- Galena Township, Minnesota Location within the state of Minnesota Galena Township, Minnesota Galena Township, Minnesota (the United States)
- Coordinates: 43°47′52″N 94°41′4″W﻿ / ﻿43.79778°N 94.68444°W
- Country: United States
- State: Minnesota
- County: Martin

Area
- • Total: 35.4 sq mi (91.6 km^{2})
- • Land: 34.9 sq mi (90.3 km^{2})
- • Water: 0.50 sq mi (1.3 km^{2})
- Elevation: 1,220 ft (372 m)

Population (2000)
- • Total: 237
- • Density: 6.7/sq mi (2.6/km^{2})
- Time zone: UTC-6 (Central (CST))
- • Summer (DST): UTC-5 (CDT)
- FIPS code: 27-23030
- GNIS feature ID: 0664240

= Galena Township, Martin County, Minnesota =

Galena Township is a township in Martin County, Minnesota, United States. The population was 237 at the 2000 census.

Galena Township was named after Galena, Illinois, the native home of a share of the early settlers.

==Geography==
According to the United States Census Bureau, the township has a total area of 35.4 sqmi, of which 34.9 sqmi is land and 0.5 sqmi (1.44%) is water.

==Demographics==
As of the census of 2000, there were 237 people, 95 households, and 72 families residing in the township. The population density was 6.8 PD/sqmi. There were 100 housing units at an average density of 2.9 /sqmi. The racial makeup of the township was 99.58% White, and 0.42% from two or more races.

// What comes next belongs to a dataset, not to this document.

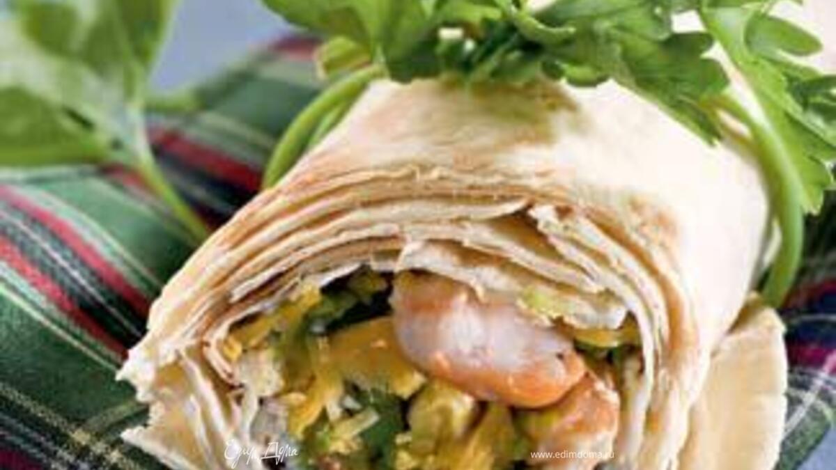 - ПодготовкаКукурузу разморозить. Чеддер натереть на мелкой терке, смешать с кукурузой. Смешать сливочный сыр с зирой. Авокадо очистить от кожуры, удалить косточку, мякоть размять вилкой, полив соком лайма, посолить. Креветки приправить маслом, солью и перцем, перемешать. Намазать лепешку сливочным сыром, затем слоями выложить креветки, авокадо и кукурузу с чеддером. Свернуть тортилью в рулет до середины, завернуть открытые бока внутрь и cвернуть лепешку до конца. При подаче разрезать поперек пополам. Этот рулет-сэндвич нужно съесть в течение 3–4 ч.

There were 95 households, out of which 34.7% had children under the age of 18 living with them, 70.5% were married couples living together, 2.1% had a female householder with no husband present, and 24.2% were non-families. 24.2% of all households were made up of individuals, and 9.5% had someone living alone who was 65 years of age or older. The average household size was 2.49 and the average family size was 2.93.

In the township the population was spread out, with 24.1% under the age of 18, 6.3% from 18 to 24, 25.3% from 25 to 44, 26.6% from 45 to 64, and 17.7% who were 65 years of age or older. The median age was 43 years. For every 100 females, there were 100.8 males. For every 100 females age 18 and over, there were 111.8 males.

The median income for a household in the township was $38,958, and the median income for a family was $43,125. Males had a median income of $26,250 versus $19,583 for females. The per capita income for the township was $17,578. About 2.6% of families and 3.0% of the population were below the poverty line, including none of those under the age of eighteen or sixty five or over.